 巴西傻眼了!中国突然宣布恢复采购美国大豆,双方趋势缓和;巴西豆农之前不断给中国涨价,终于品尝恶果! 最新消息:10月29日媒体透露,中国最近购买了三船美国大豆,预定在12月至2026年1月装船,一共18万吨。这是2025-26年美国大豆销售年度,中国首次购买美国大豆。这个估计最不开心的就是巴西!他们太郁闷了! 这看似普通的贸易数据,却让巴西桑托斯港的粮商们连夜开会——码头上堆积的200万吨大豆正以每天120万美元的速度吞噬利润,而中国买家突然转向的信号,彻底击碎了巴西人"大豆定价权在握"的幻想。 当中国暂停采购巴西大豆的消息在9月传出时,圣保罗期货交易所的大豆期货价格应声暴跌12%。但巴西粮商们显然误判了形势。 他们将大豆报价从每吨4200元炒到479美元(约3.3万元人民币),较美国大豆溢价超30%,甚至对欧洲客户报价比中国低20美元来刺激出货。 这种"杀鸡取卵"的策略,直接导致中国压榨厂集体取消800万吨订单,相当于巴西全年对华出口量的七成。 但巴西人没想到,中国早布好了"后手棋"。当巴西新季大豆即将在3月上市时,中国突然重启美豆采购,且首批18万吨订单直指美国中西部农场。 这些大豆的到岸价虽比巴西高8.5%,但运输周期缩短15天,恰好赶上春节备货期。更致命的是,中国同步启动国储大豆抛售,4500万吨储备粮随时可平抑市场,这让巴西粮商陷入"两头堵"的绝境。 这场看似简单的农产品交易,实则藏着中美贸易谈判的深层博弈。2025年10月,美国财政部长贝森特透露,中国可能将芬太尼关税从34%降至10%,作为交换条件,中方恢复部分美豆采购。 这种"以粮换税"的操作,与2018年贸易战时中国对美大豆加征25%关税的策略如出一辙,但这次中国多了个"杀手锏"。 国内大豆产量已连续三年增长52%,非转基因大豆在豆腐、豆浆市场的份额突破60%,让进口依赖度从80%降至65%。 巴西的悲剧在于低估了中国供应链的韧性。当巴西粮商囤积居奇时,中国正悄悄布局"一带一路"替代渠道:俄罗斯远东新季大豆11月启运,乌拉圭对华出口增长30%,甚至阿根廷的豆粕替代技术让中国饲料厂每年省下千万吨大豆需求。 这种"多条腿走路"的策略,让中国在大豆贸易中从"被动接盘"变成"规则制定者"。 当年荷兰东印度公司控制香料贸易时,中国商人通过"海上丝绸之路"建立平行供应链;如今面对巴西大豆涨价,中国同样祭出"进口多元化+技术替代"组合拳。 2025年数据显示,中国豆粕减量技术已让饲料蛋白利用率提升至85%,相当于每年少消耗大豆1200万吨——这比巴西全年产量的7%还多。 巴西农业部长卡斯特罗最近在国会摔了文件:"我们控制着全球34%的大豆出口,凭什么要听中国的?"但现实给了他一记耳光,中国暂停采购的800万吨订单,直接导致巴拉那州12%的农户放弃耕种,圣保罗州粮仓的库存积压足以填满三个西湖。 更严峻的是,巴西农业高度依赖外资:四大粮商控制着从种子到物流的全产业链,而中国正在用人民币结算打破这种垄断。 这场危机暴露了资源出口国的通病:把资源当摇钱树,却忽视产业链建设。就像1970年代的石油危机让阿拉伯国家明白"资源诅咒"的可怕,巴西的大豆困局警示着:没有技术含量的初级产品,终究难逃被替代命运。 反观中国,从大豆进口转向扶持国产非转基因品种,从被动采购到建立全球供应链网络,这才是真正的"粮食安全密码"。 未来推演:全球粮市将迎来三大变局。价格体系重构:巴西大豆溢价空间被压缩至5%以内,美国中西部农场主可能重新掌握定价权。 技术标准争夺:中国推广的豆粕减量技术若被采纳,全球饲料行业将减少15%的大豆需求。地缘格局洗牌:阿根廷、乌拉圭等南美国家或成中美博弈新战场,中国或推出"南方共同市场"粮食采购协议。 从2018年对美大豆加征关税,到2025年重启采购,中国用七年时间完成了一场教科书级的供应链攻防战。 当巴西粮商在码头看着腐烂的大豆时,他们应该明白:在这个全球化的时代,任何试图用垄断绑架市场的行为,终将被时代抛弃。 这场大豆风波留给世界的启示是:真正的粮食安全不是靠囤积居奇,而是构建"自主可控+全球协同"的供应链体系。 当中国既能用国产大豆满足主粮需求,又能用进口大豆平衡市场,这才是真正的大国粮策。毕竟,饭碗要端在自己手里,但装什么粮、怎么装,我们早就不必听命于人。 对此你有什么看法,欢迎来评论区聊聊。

--

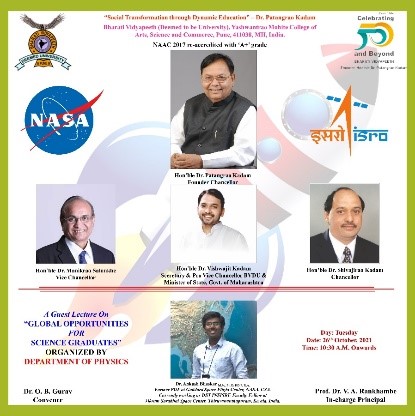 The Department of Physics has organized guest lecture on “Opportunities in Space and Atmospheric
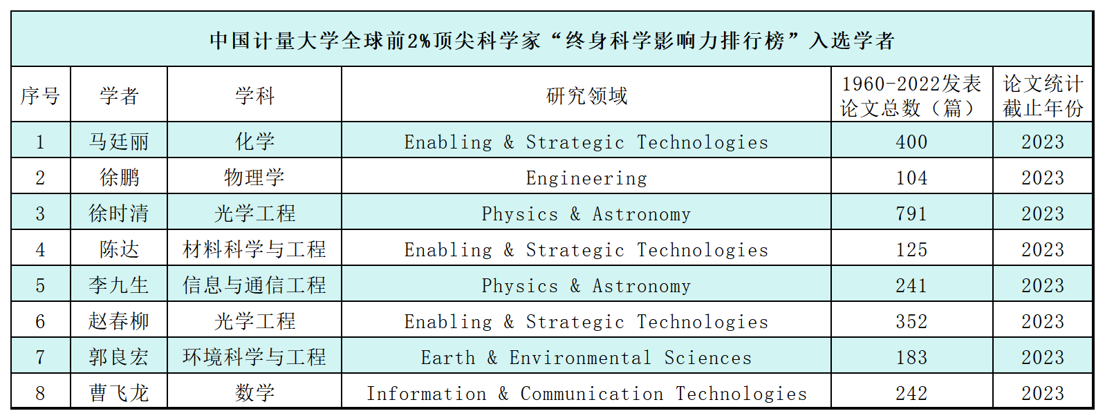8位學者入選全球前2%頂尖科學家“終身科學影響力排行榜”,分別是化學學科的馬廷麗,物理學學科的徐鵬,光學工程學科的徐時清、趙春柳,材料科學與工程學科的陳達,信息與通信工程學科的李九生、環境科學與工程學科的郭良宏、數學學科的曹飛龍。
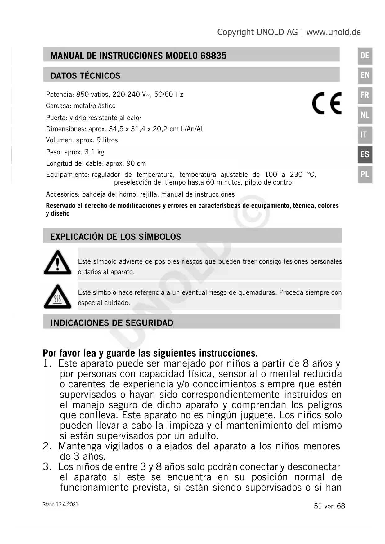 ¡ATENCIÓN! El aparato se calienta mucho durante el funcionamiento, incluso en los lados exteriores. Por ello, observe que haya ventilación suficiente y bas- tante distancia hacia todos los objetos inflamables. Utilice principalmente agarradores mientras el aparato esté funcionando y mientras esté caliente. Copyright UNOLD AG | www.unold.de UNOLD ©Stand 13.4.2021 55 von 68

### What you should do
Copy the lines above exactly, starting with the line that contains "The Department of" and ending with the line that contains "13.4.2021 55 von 68", and leave out any pictures.

### Exercise output
 The Department of Physics has organized guest lecture on “Opportunities in Space and Atmospheric
8位學者入選全球前2%頂尖科學家“終身科學影響力排行榜”,分別是化學學科的馬廷麗,物理學學科的徐鵬,光學工程學科的徐時清、趙春柳,材料科學與工程學科的陳達,信息與通信工程學科的李九生、環境科學與工程學科的郭良宏、數學學科的曹飛龍。
 ¡ATENCIÓN! El aparato se calienta mucho durante el funcionamiento, incluso en los lados exteriores. Por ello, observe que haya ventilación suficiente y bas- tante distancia hacia todos los objetos inflamables. Utilice principalmente agarradores mientras el aparato esté funcionando y mientras esté caliente. Copyright UNOLD AG | www.unold.de UNOLD ©Stand 13.4.2021 55 von 68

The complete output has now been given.